##### SOURCE DATA

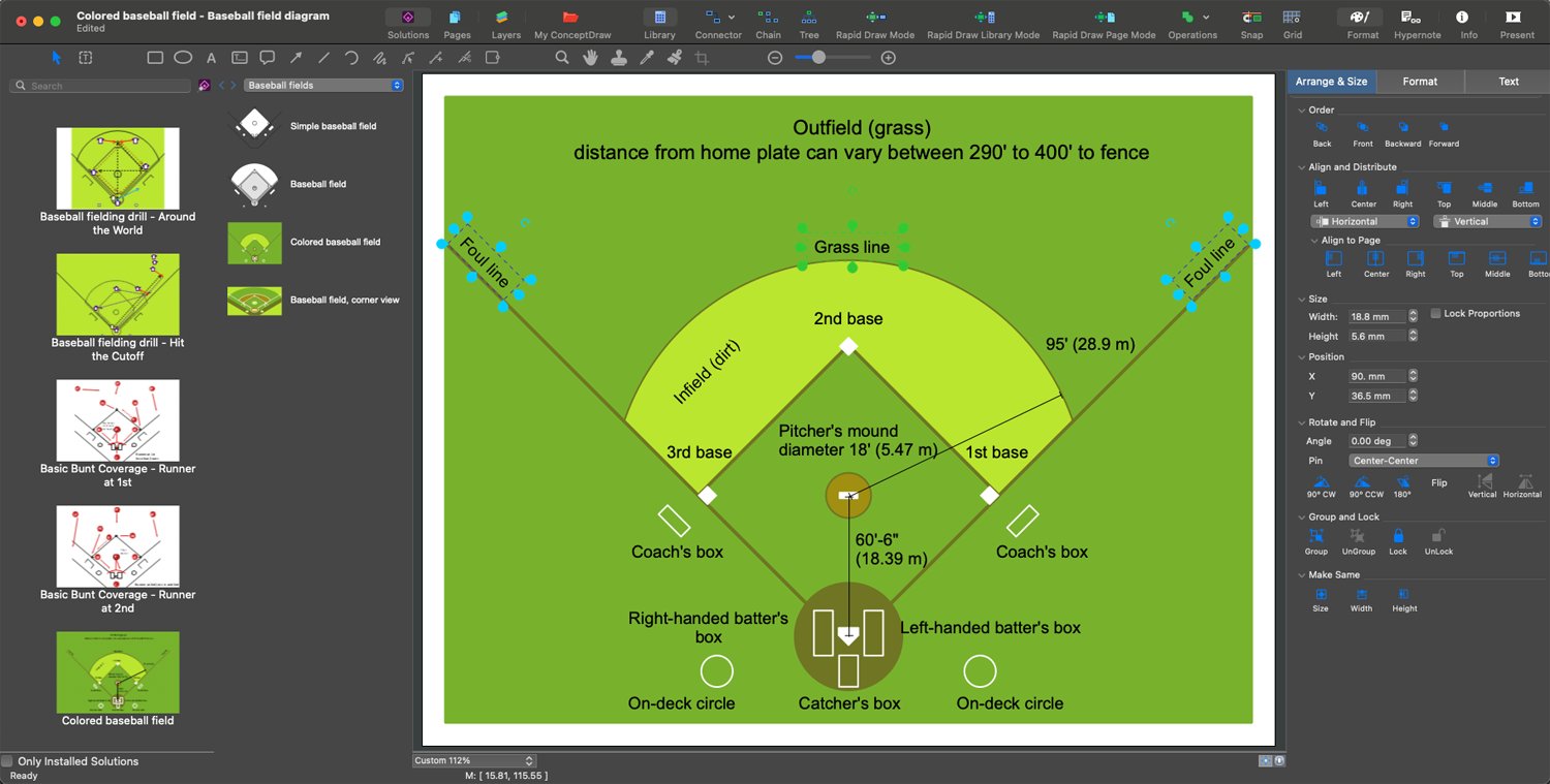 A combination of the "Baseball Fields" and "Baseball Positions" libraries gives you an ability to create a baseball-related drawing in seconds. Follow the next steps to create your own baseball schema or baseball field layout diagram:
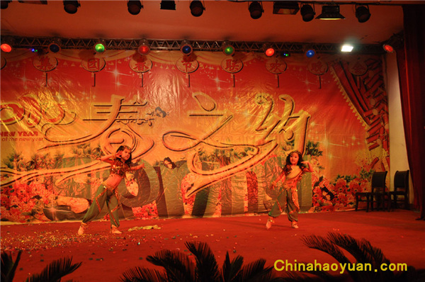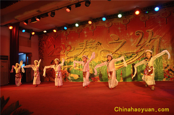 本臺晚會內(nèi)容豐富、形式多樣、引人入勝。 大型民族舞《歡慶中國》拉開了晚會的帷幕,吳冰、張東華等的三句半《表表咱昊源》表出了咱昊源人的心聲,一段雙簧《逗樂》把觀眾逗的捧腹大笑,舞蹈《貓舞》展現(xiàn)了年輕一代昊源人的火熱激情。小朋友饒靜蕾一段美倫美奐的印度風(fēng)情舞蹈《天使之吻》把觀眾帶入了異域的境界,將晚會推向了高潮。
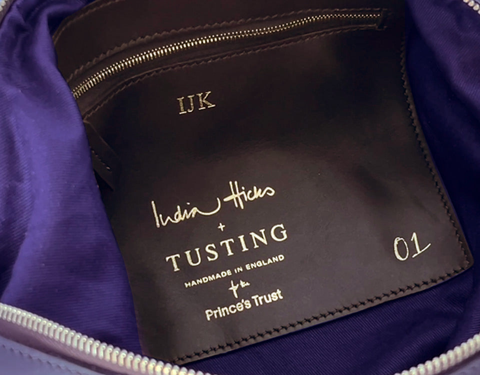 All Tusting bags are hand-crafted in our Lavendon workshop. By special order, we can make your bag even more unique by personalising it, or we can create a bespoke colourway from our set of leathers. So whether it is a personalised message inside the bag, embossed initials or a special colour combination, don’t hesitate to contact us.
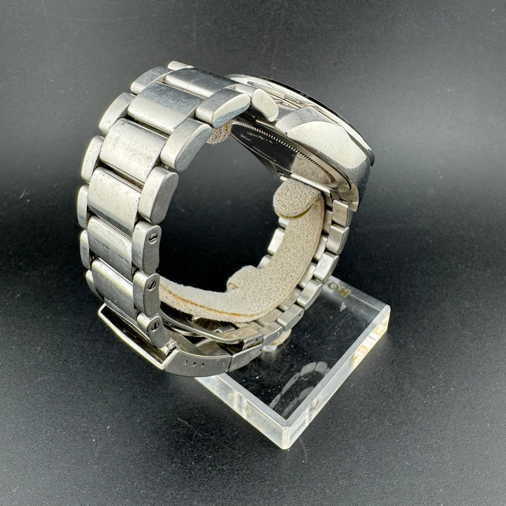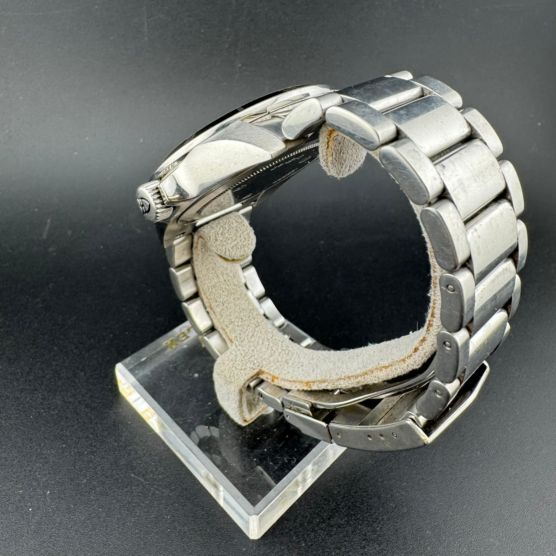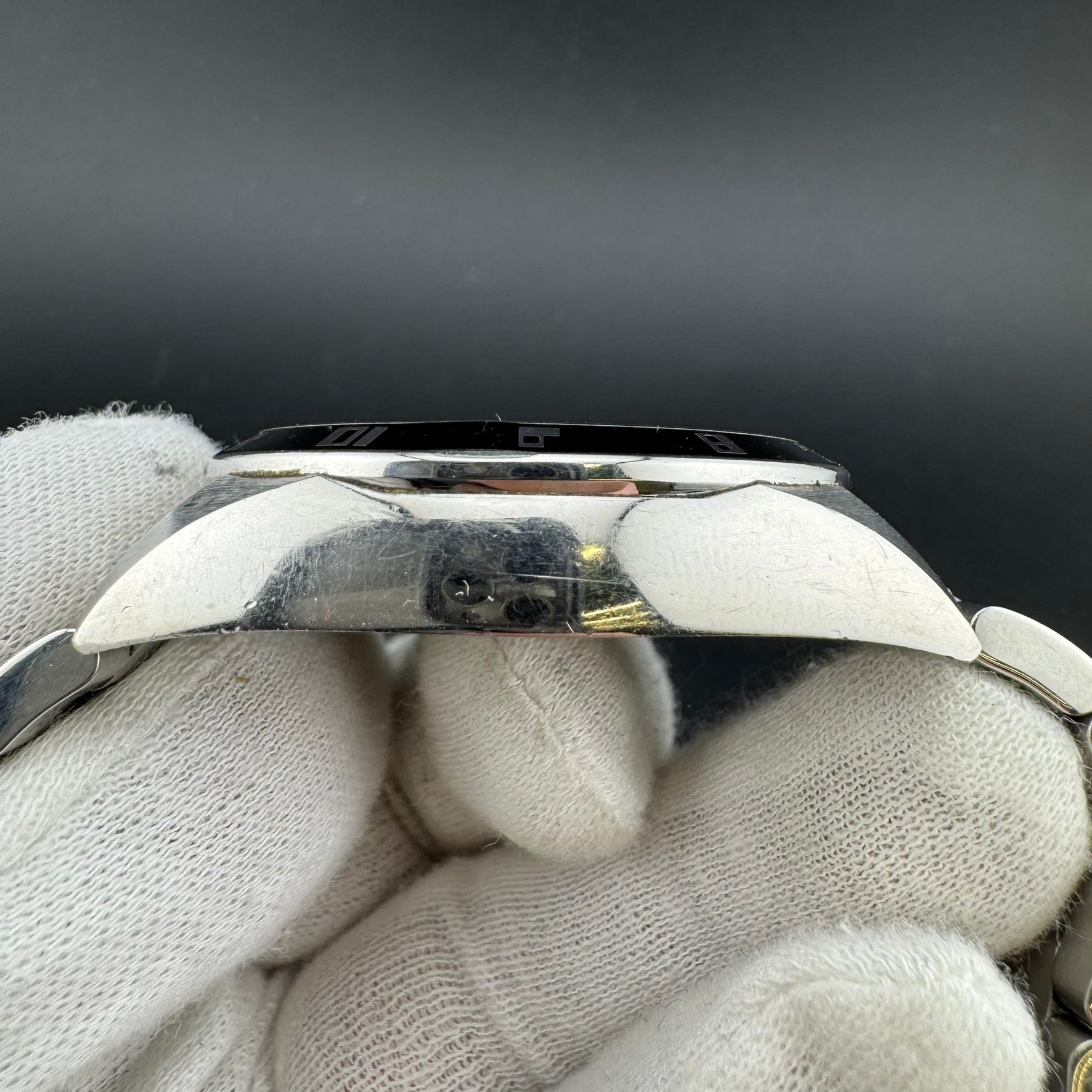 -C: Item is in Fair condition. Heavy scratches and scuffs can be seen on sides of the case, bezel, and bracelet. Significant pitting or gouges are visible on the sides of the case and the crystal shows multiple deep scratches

##########

**YOUR OBJECTIVE**
Would you retype the material exactly, omitting each picture?

**YOUR RESPONSE**
 A combination of the "Baseball Fields" and "Baseball Positions" libraries gives you an ability to create a baseball-related drawing in seconds. Follow the next steps to create your own baseball schema or baseball field layout diagram:
 本臺晚會內(nèi)容豐富、形式多樣、引人入勝。 大型民族舞《歡慶中國》拉開了晚會的帷幕,吳冰、張東華等的三句半《表表咱昊源》表出了咱昊源人的心聲,一段雙簧《逗樂》把觀眾逗的捧腹大笑,舞蹈《貓舞》展現(xiàn)了年輕一代昊源人的火熱激情。小朋友饒靜蕾一段美倫美奐的印度風(fēng)情舞蹈《天使之吻》把觀眾帶入了異域的境界,將晚會推向了高潮。
 All Tusting bags are hand-crafted in our Lavendon workshop. By special order, we can make your bag even more unique by personalising it, or we can create a bespoke colourway from our set of leathers. So whether it is a personalised message inside the bag, embossed initials or a special colour combination, don’t hesitate to contact us.
 -C: Item is in Fair condition. Heavy scratches and scuffs can be seen on sides of the case, bezel, and bracelet. Significant pitting or gouges are visible on the sides of the case and the crystal shows multiple deep scratches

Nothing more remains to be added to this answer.